Your instructions: In the material below, find the span from the line with "In the second" to the line with "Насладете се на" and transcribe only those lines, exactly, ends included, without the pictures.

Available records:
######
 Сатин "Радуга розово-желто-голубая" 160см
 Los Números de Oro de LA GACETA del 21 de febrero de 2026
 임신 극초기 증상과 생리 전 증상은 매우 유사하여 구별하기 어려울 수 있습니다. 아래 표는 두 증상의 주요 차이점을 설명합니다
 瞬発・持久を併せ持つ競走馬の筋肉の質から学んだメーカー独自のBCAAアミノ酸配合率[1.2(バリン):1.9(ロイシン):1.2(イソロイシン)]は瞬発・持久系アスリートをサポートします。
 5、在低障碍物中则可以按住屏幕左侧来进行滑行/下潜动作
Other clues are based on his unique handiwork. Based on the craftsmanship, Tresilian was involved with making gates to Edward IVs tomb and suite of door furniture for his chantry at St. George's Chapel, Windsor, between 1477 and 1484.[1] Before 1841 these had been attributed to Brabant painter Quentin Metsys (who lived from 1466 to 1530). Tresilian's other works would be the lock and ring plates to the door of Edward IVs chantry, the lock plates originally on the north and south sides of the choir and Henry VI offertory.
######
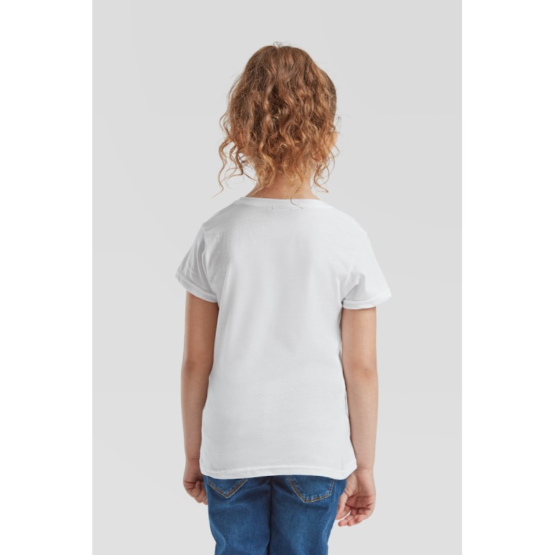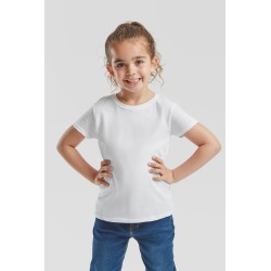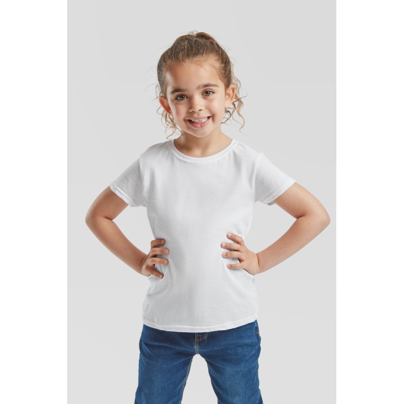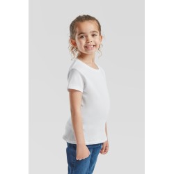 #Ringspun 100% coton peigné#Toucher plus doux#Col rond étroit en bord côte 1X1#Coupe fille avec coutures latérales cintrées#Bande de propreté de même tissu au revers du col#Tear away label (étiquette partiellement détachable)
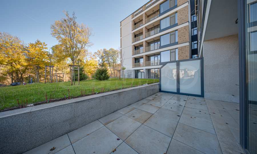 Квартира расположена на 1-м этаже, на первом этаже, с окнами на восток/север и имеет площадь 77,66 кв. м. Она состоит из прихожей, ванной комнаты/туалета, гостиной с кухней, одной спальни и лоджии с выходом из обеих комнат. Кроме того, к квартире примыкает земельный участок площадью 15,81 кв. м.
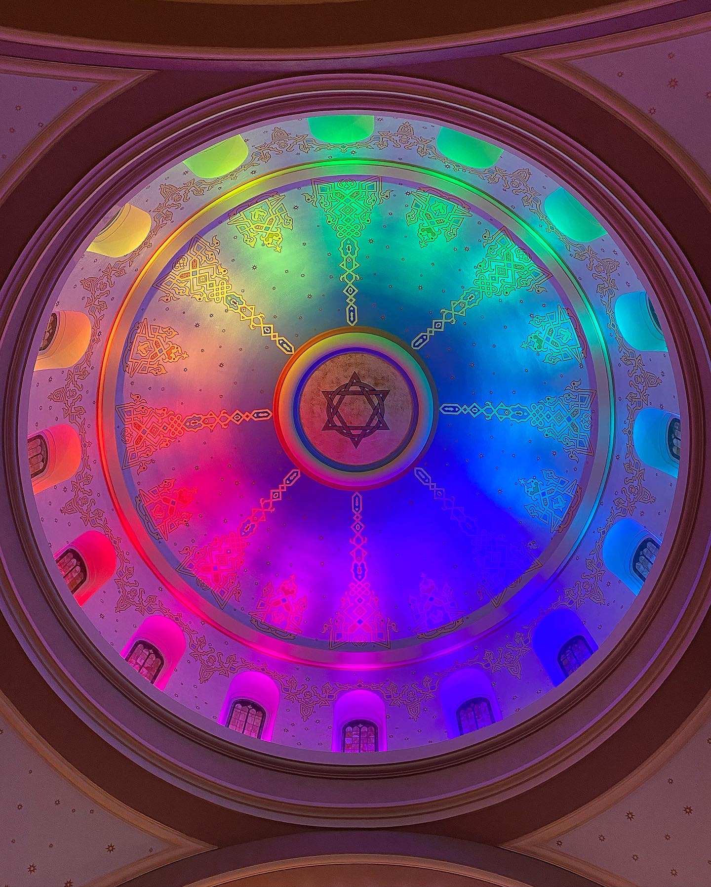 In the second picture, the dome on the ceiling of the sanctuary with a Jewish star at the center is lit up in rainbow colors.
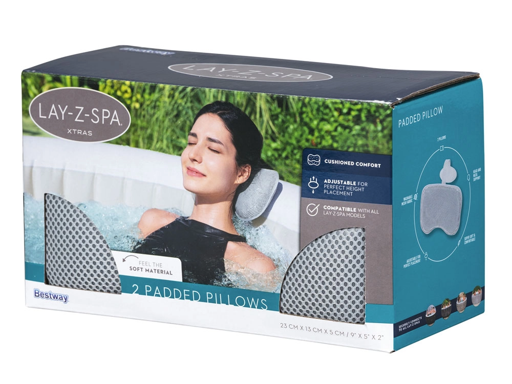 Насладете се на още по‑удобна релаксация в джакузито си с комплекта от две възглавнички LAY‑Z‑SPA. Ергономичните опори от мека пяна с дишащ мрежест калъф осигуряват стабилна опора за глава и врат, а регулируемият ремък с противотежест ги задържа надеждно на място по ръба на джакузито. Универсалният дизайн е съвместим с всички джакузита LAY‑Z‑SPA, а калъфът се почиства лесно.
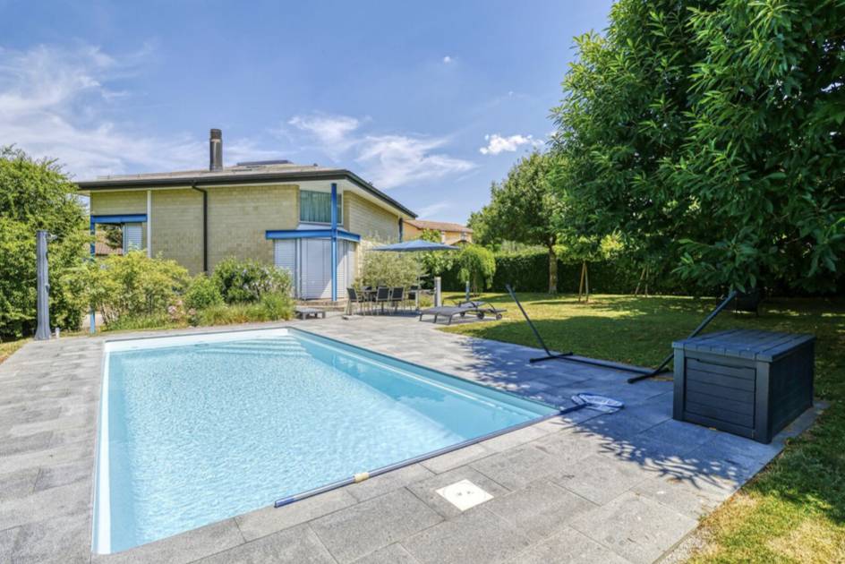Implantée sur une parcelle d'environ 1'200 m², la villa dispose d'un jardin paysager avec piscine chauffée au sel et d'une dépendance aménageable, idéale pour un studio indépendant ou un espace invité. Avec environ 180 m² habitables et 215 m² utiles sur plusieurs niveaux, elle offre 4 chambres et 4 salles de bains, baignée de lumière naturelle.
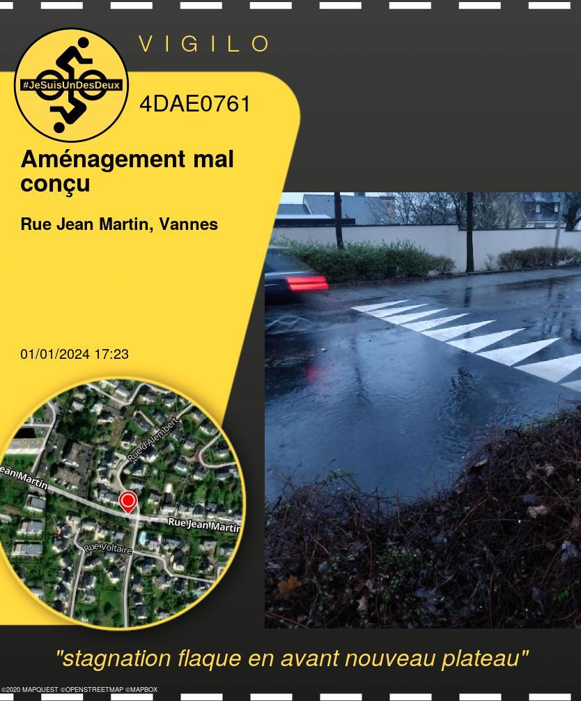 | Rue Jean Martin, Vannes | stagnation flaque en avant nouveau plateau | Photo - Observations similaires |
######
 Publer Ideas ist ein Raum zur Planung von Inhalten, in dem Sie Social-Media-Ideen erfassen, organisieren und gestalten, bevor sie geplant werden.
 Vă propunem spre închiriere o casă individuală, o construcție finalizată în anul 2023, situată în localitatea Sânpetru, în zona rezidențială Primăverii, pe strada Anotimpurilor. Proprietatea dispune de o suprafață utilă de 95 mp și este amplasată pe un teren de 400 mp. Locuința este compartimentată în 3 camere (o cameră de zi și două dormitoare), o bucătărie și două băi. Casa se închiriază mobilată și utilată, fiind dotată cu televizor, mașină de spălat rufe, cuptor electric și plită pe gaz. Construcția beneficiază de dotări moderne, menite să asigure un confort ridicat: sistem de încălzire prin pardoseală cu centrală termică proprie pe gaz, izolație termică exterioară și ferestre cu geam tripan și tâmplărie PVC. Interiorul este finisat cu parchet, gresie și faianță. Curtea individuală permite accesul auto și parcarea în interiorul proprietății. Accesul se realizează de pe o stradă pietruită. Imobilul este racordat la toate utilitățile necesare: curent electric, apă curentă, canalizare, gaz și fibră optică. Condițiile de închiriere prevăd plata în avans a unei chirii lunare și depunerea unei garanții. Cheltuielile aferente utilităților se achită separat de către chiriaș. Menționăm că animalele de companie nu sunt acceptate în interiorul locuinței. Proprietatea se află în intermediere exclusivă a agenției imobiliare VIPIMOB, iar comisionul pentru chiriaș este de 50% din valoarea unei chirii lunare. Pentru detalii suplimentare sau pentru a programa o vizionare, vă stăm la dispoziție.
######
Solution to this problem:
 In the second picture, the dome on the ceiling of the sanctuary with a Jewish star at the center is lit up in rainbow colors.
 Насладете се на още по‑удобна релаксация в джакузито си с комплекта от две възглавнички LAY‑Z‑SPA. Ергономичните опори от мека пяна с дишащ мрежест калъф осигуряват стабилна опора за глава и врат, а регулируемият ремък с противотежест ги задържа надеждно на място по ръба на джакузито. Универсалният дизайн е съвместим с всички джакузита LAY‑Z‑SPA, а калъфът се почиства лесно.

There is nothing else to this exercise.